The Guan languages are languages of the Kwa language family spoken by the Guan people in Ghana and Togo:

South Guan: Efutu, Cherepon, Gua, Larteh
North Guan: Chumburung–Tchumbuli, Dwang, Foodo, Kyode, Ginyanga, Gonja, Kplang, Krache, Nawuri, Nchumbulu, Nkonya–Nkami, Ntrapo, Vagala, Sissala
History Of Guan
[[Much of what we know of the Guans today has come down to us through archaeological research, language studies, and oral tradition. The word Guan refers to a group of distinct family of languages spoken by about 6% of Ghana’s population. Yet archaeological evidence suggests that the Guans are the undisputed aborigines of Ghana. The Guans were already settled in their villages, from the north to the coast, long before all the other tribal groups arrived in Ghana.

According to Guan speakers, they were originally savannah dwellers who lived in settlements in the semi-forest savannah areas, north of Ghana. Their ancestors had, however, long lived in central and coastal Ghana between 1500 BC and 500 BC. Booming trade in the commercial centre of Kumbi Saleh in the Ghana empire , between 750 AD and 1000 AD, had attracted them to move from their forest areas into the savannah fringes of northern Ghana, and to as far north as the present day Mossi region in Burkina Faso, to sell gold, pottery, and spices.
But, then, the Ghana empire began to crumble.
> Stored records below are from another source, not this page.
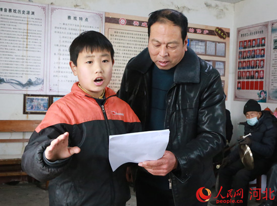 涉縣賽戲代表性傳承人教小徒弟表演賽戲。 李獻海攝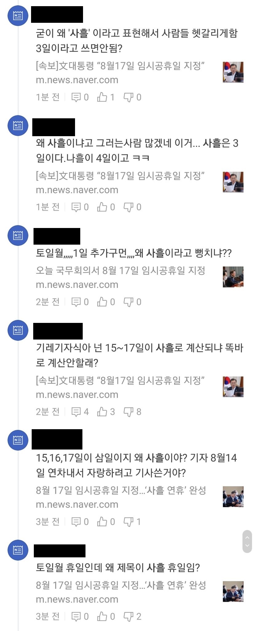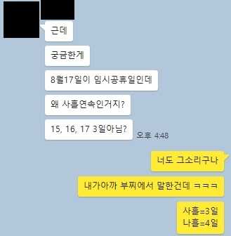 뉴스 기사를 보다가 8월 17일 월요일 쉬면 금토일 3일 쉬는데 왜 나흘이지?라고 잠깐 생각했습니다.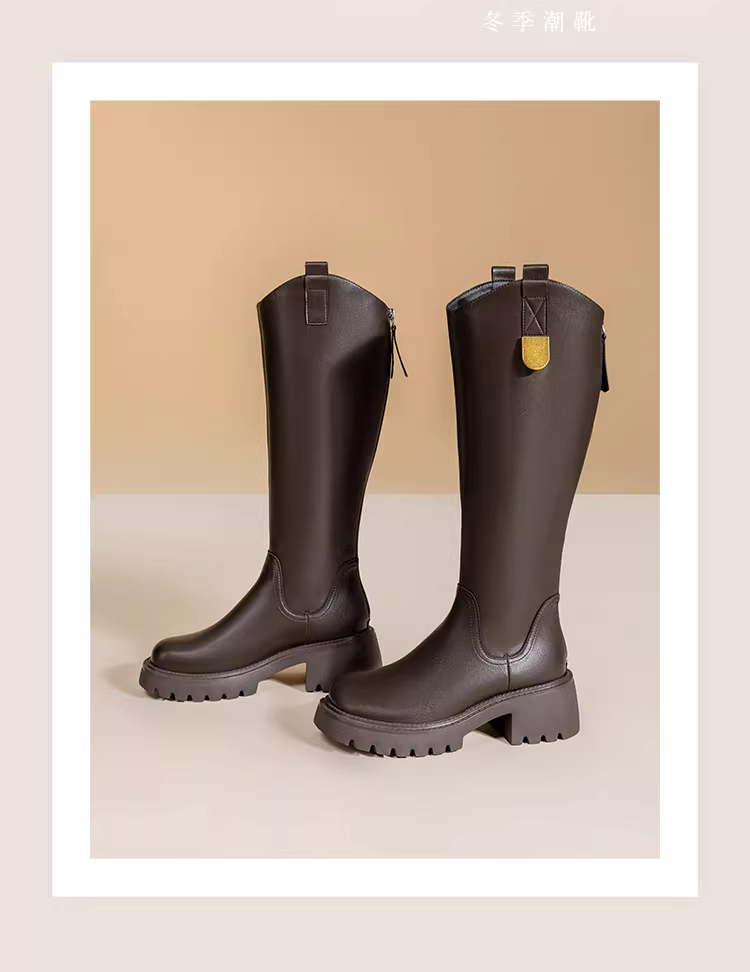 Giày bốt cao cổ Dadong dành cho nữ 2025, mẫu mới thu đông, lót lông cừu, đế dày, bốt dài, mẫu bốt dài thịnh hành năm nay

It was attacked by Berber invaders from the Mediterranean north. The vassal states of the empire, to the south and east, also started to rebel against the ruling dynasty from the tenth century. At the same time, the region began to experience long spells of drought, and the Sahara desert began to expand southwards. It was time for the Guans to return to their ancestral homes, and by about 1000 AD they started to return southwards to NCHUMBURULAND.

For about two hundred years, the Guans enjoyed relative peace in NCHUMBURULAND, in the region of the confluence of the Black and While Volta rivers in present day Northern Ghana. However, from about 1300AD the Mossis, Dagombas and other northern tribal groups started migrating into northern Ghana, and established MAMPRUGU, DAGBON, and NANUM states to the east and south-east.
In about the 1550s, also, Mande warriors from the Songhay Empire invaded Nchumburuland. They were attracted there by the trade in gold. After conquering the land, they established the GONJA state which they extended well into BONO in present day Brong-Ahafo region in 1595. Between 1623 and 1666, the Gonjas took Daboya, and other important towns and villages including the market centre of SALAGA. The Gonja rulers came to speak the language of the Guans.

By this time, many Guan groups had already started migrating again southwards, setting up settlements along the Volta gorge. Others passed through the forest regions (now Asante) to the central and west coasts. The Larteh Guans migrated through Nigeria and Benin before arriving on the coast of now Ghana. But many Guan groups still remained at Nchumburu and in the AFRAM plains.
About this time, too, another group of Guans had established the powerful Kingdom of ATAARA OFINAM (1500-1701) in the AFRAM plains. Ataara Ofinam stretched as far west as to ADANSE. To the North-West, the Kingdom shared boundaries with BONOMANSO, and ended in the south on the west side of the Volta. The Capital , SENSEMANSO (Sremanso) was located at the site of present day ATIMPOKU.

The AKANS found the land inhabited when they emerged from ADANSE and ASUMEGYA in the 1600s. Tafo, near Kumasi, was even acclaimed to be an aboriginal Guan town up to the 1800s. However, after seven years of continuous attacks the AKANS of ADANSE finally broke up the Ataara Ofinam Kingdom and drove its King and people from the AFRAM Plains, across the Volta, to ATWODE, AKPAFU, LOLOBI, SANTRO-KOFI, BUEM NYAGBO, TAFI, AKPOSO, LOGBA, KPANDO ABANU, BUEM, NCHUMURU, and OKRE.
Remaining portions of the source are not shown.